■ Extracted information
════════════════
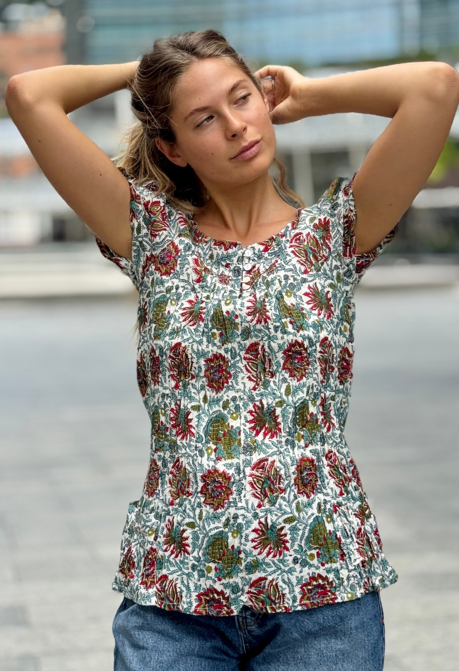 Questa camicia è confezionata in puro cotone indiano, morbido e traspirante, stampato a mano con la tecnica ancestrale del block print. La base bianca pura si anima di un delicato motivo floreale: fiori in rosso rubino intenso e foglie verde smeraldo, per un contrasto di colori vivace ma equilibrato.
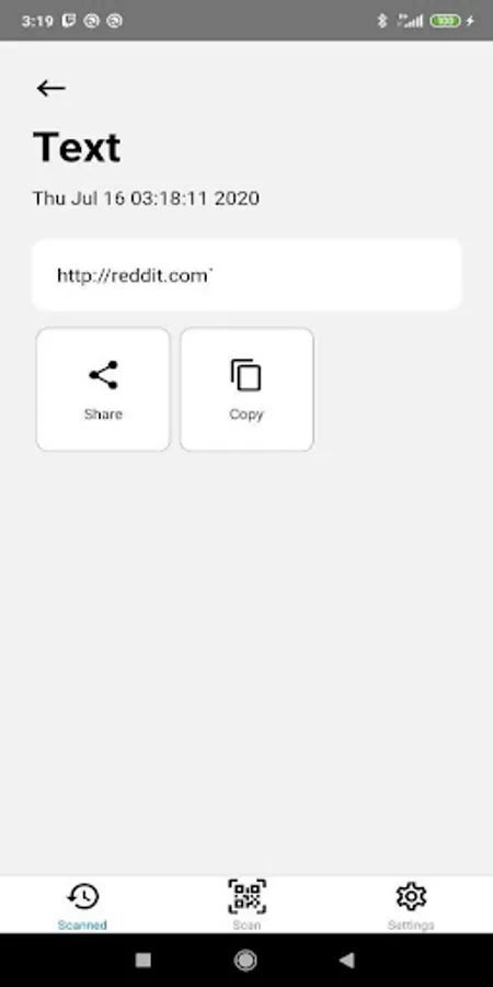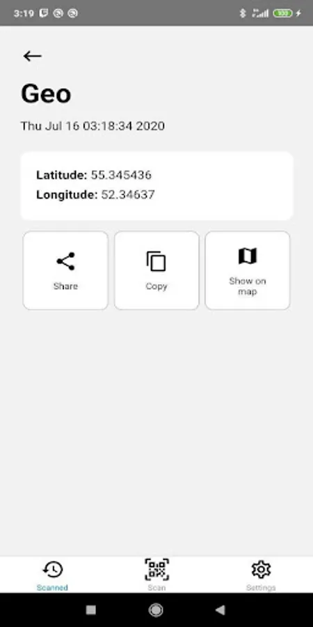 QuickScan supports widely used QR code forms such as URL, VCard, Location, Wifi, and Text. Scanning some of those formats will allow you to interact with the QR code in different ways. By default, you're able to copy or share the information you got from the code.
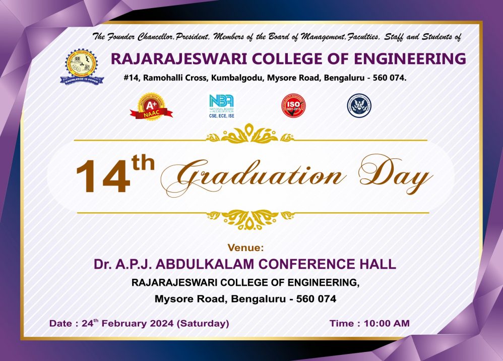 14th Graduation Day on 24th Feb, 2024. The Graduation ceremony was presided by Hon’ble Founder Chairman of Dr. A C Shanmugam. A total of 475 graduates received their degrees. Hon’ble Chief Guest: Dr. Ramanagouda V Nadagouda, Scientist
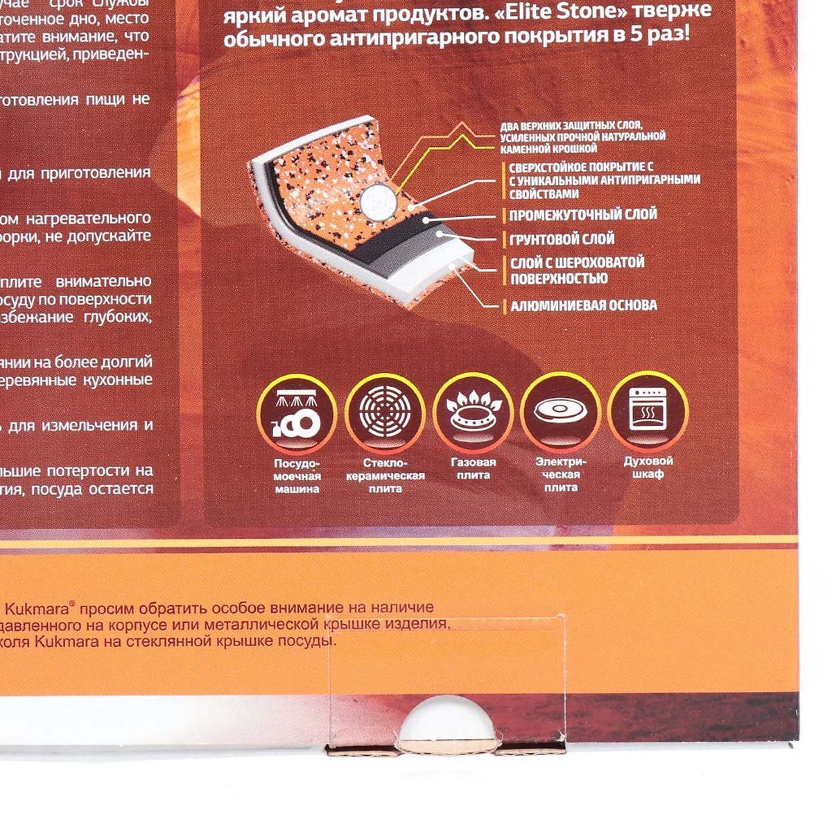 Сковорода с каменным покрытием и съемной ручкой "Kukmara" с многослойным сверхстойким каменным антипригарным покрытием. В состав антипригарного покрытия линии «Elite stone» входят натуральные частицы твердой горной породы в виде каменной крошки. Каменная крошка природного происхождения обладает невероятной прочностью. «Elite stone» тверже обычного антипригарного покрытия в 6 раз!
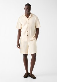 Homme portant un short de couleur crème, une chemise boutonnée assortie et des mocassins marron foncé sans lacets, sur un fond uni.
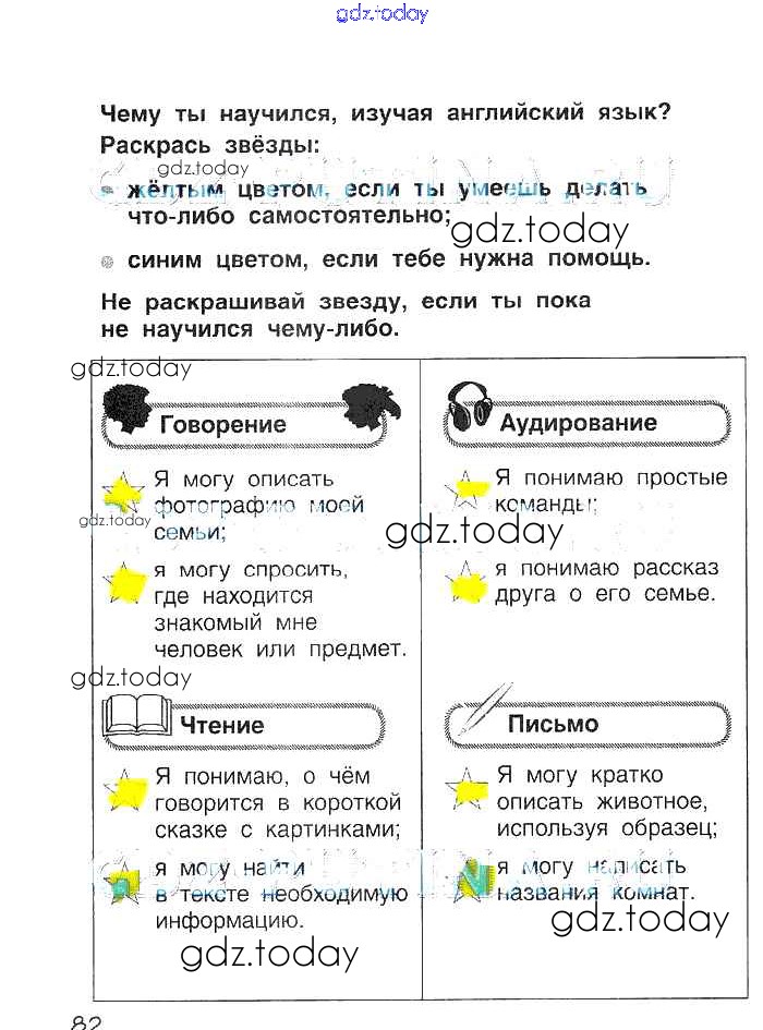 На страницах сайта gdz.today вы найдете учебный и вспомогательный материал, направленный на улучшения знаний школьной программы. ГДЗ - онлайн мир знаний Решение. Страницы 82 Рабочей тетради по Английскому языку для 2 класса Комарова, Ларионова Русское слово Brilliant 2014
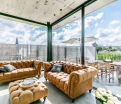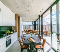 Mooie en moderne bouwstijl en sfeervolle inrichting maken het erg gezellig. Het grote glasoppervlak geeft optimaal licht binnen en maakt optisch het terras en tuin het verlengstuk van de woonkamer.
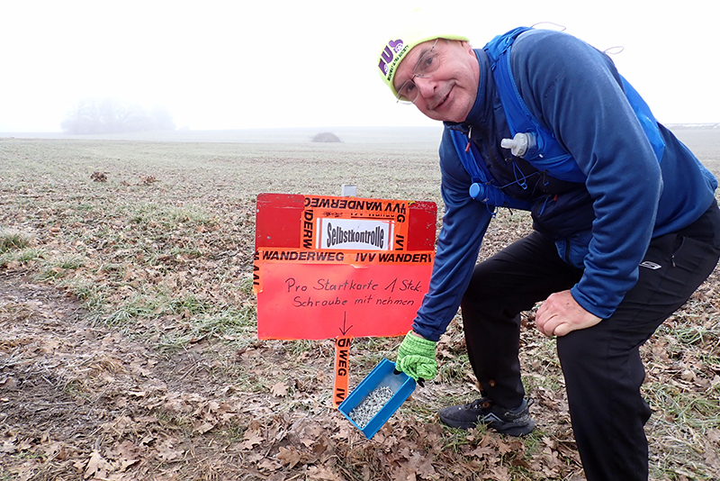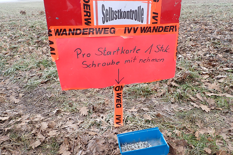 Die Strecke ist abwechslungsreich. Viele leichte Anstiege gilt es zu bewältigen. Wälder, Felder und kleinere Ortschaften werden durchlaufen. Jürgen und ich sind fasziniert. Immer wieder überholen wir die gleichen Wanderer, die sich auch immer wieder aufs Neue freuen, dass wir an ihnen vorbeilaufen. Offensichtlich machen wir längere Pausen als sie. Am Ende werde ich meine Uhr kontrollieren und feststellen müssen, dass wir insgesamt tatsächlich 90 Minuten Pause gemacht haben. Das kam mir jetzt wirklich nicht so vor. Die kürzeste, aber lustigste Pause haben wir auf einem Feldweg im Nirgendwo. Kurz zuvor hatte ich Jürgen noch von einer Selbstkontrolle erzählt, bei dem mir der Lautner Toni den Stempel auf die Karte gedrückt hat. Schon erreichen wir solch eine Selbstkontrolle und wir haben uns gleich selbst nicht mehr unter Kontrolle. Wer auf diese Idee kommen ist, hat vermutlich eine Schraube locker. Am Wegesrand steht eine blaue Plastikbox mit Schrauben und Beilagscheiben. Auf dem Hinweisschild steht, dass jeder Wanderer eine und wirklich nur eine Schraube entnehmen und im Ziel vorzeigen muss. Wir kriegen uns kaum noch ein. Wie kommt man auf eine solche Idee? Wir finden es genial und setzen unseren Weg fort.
════════════════
In the data above, find the line with "Сковорода с каменным" and the line with "Mooie en moderne". Please copy exactly those two lines and every line between them, but not the pictures.

 Сковорода с каменным покрытием и съемной ручкой "Kukmara" с многослойным сверхстойким каменным антипригарным покрытием. В состав антипригарного покрытия линии «Elite stone» входят натуральные частицы твердой горной породы в виде каменной крошки. Каменная крошка природного происхождения обладает невероятной прочностью. «Elite stone» тверже обычного антипригарного покрытия в 6 раз!
 Homme portant un short de couleur crème, une chemise boutonnée assortie et des mocassins marron foncé sans lacets, sur un fond uni.
 На страницах сайта gdz.today вы найдете учебный и вспомогательный материал, направленный на улучшения знаний школьной программы. ГДЗ - онлайн мир знаний Решение. Страницы 82 Рабочей тетради по Английскому языку для 2 класса Комарова, Ларионова Русское слово Brilliant 2014
 Mooie en moderne bouwstijl en sfeervolle inrichting maken het erg gezellig. Het grote glasoppervlak geeft optimaal licht binnen en maakt optisch het terras en tuin het verlengstuk van de woonkamer.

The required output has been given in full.